**Work item**. Please copy out every line in the entries that includes the word "this".

**Supplied material**.
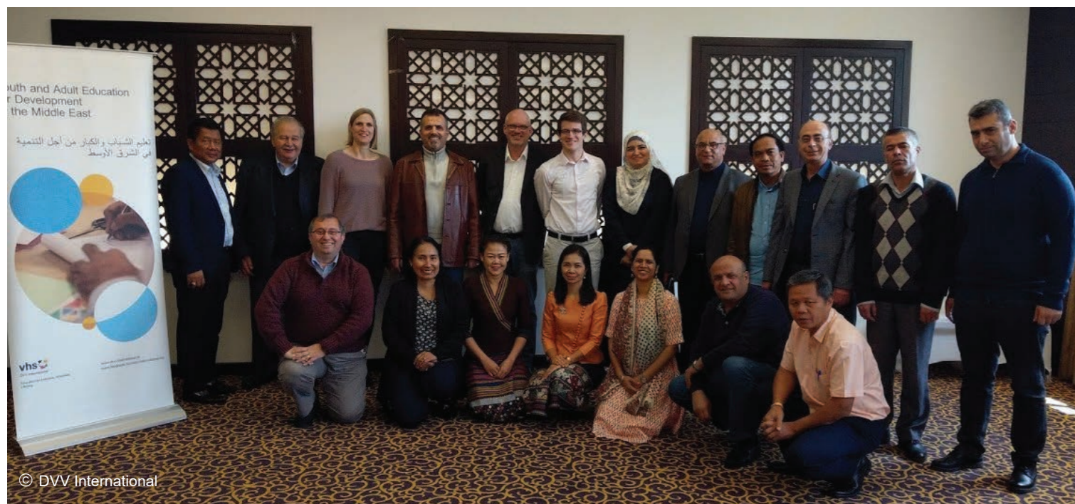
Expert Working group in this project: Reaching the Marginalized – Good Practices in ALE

...

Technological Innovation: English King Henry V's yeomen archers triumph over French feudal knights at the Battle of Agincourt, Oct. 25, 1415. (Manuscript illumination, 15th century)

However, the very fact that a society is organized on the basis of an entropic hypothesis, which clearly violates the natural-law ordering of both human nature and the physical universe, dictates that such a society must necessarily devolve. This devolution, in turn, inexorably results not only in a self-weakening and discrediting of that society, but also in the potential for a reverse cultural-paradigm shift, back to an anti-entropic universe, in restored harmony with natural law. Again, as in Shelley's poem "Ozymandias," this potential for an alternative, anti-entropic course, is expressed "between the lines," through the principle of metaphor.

**Your solution**.
Expert Working group in this project: Reaching the Marginalized – Good Practices in ALE
However, the very fact that a society is organized on the basis of an entropic hypothesis, which clearly violates the natural-law ordering of both human nature and the physical universe, dictates that such a society must necessarily devolve. This devolution, in turn, inexorably results not only in a self-weakening and discrediting of that society, but also in the potential for a reverse cultural-paradigm shift, back to an anti-entropic universe, in restored harmony with natural law. Again, as in Shelley's poem "Ozymandias," this potential for an alternative, anti-entropic course, is expressed "between the lines," through the principle of metaphor.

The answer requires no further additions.